Tuesday, July 12, 2011

I cry for the 4th of July


What is more American, than a small town 4th of July? I’m not going to sugar coat this, I wanted to go to kanab for the 4th I love a small town independence day! I love the red hills echo of the fireworks! I love the activities at the park, the parade and of course Family. I really missed seeing family! Under the circumstances we stayed in Flagstaff and you know me I can’t help but celebrate a holiday.
Ria and I had festive feet.

We went to the park but I nearly broke down to cry when we were the only ones there, we made the best of it! Brant is always good to do that! 

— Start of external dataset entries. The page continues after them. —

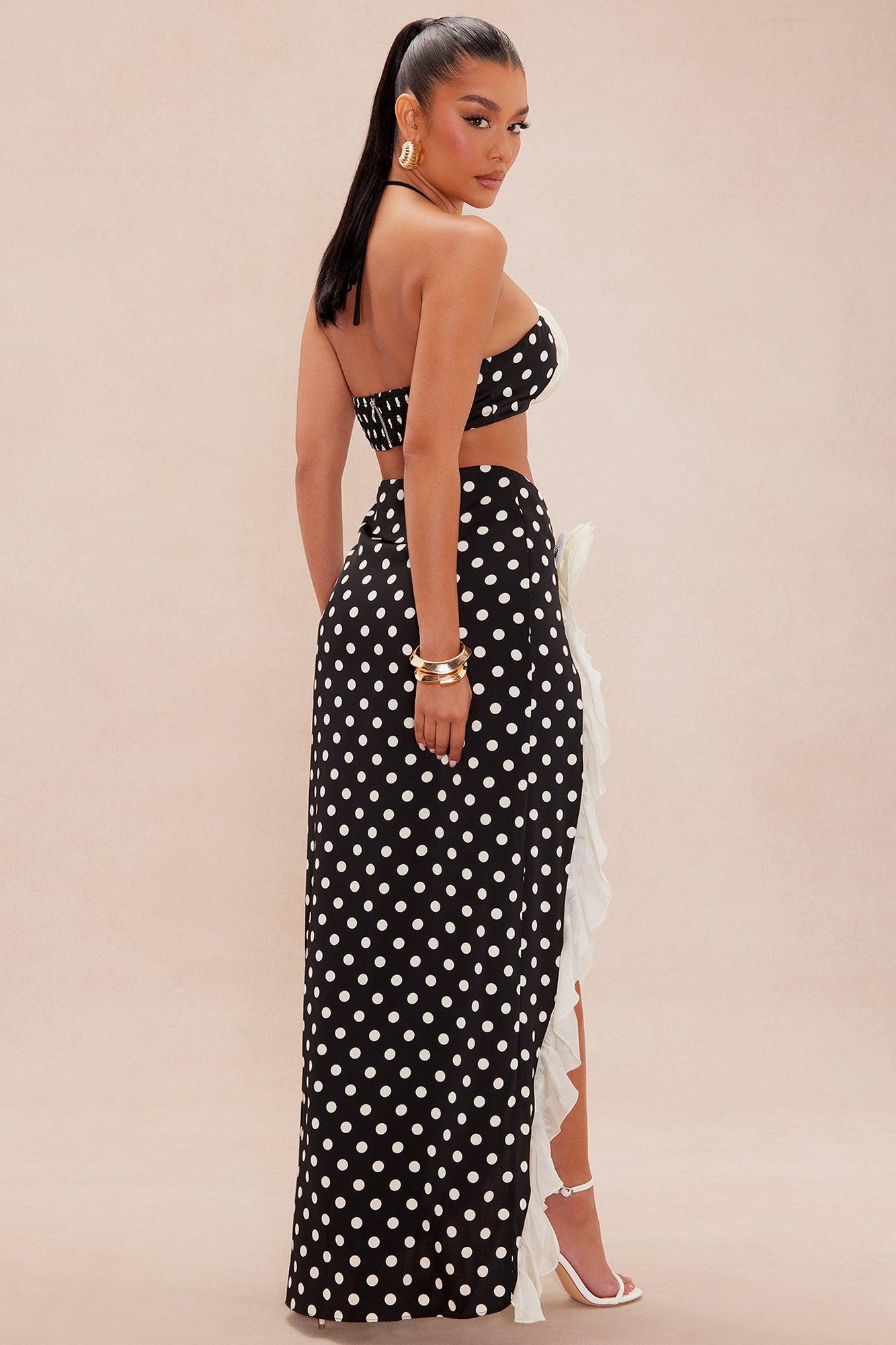 Available In Black/White. Satin Top With Padded Bra Cups Y Neckline Grip Tape Smocked Back Back Zipper Closure Satin Maxi Skirt With Ruffle Trim And Floral Applique Hideen Zipper Closure Polka Dot Print Non Stretch Skirt Length = 44'' Self: 100% Polyester Lining: 100% Rayon Imported
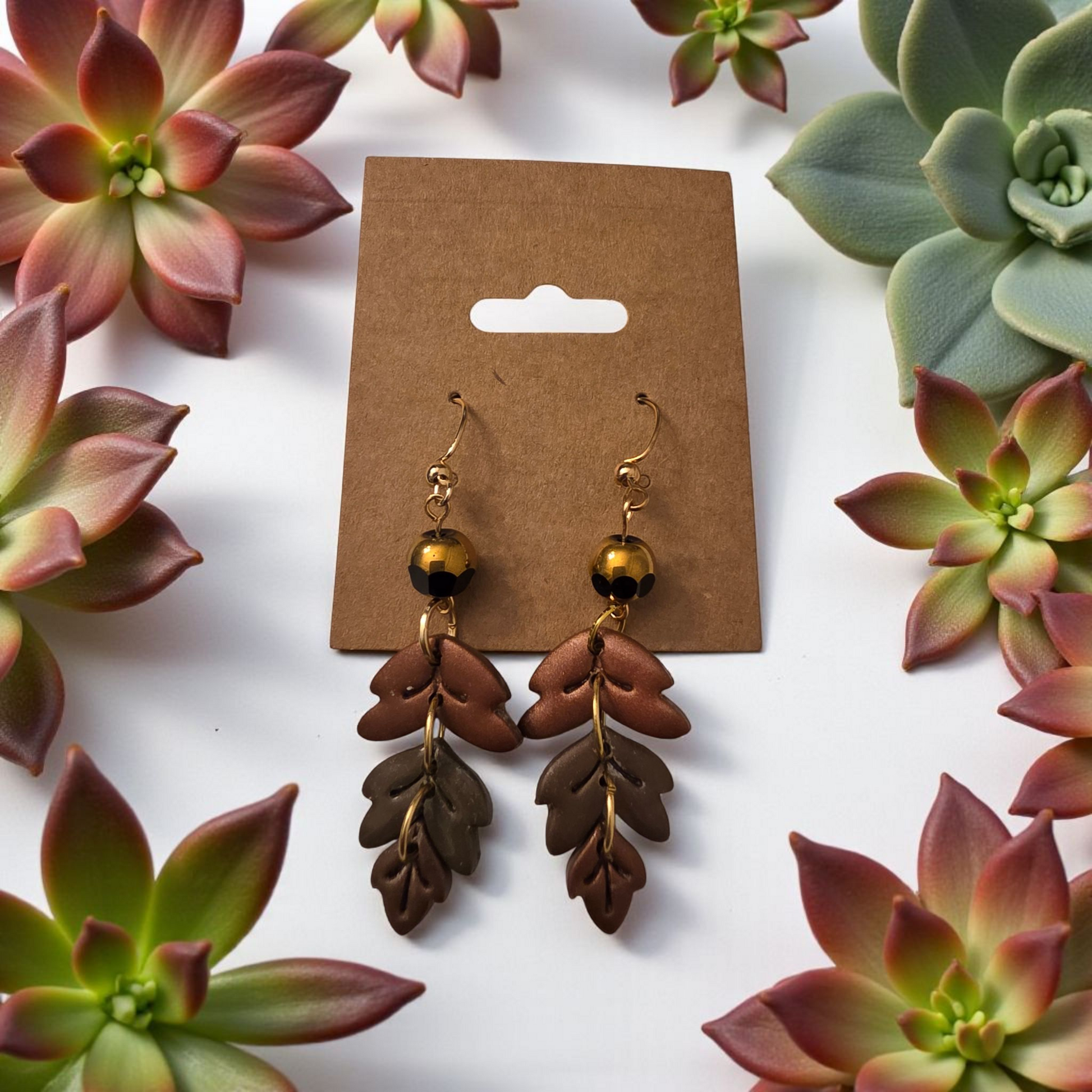 Mila earrings showcase handcrafted polymer clay in warm copper and green tones, inspired by the rich hues of fall. Lightweight and hypoallergenic, these elegant dangles combine handmade charm with everyday comfort.
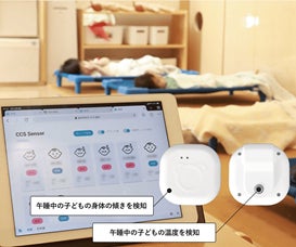 CCSセンサーは、保育施設におけるお昼寝時に、園児のおむつに装着して、体の向きを検知します。乳幼児突然死症候群(SIDS)のリスクが高いとされるうつぶせ寝を検知して保育士に知らせるほか、体の向きやお腹の皮膚温度を断続的に記録します。

We had to have a backyard water fight right?  Brant started it! 


But I think he was the most soaked by the end. 


With the fire ban we didn’t even have fireworks, :( I think I would have been crushed if it weren’t for BBQ’s with friends!

We also had some friends from Wyoming who heard about the finest pit stop on Hwy 89!!! Shalon and her kids came and stayed for a night! We were supposed to have our adoption home study that day and it didn’t work out I was so bummed but it turned out to be perfect timing I really needed and enjoyed their visit, and the house was clean :). The girls picked up where they left off and giggled the night away.

Shalon helped me gain some perspective on a situation she has been through and my brother is facing. Of course Lachlan found some fun with our Big daddy bear!









Monday, July 11, 2011

Oh what do you do in the summer time?

I thought I better do a summer update because it is almost over :(
He has been asking to do this for his Birthday! 
Oh, what do you do in the summertime, when all their schools are out?
Do they fight and scream, and use shaving cream, as they tell their teachers good bye?
This is woman who put it all of this together! 
As always Tera cleaning up the mess :)  

The Best 3rd grade Teacher ever! 
Is that what they’ve done? So have mine!

Tessa and Annette at her shower
Oh, what do you do in the summertime, when now is the time to play? 
Wendy Wednesday!
Do you take a swing at T-ball, or smack a volleyball or saddle and ride a horse


Is that what we’ve done, of course!

Cave's Crater

Oh, what do you do in the summertime, with all the flagstaff trees?

Do you hike in the hills, or take a bike on two wheels, or try to do stats as the days pass by?












 
If not, why have I?


Psychometrics in the summertime is Psychotic!  Not that there is EVER a good time for it!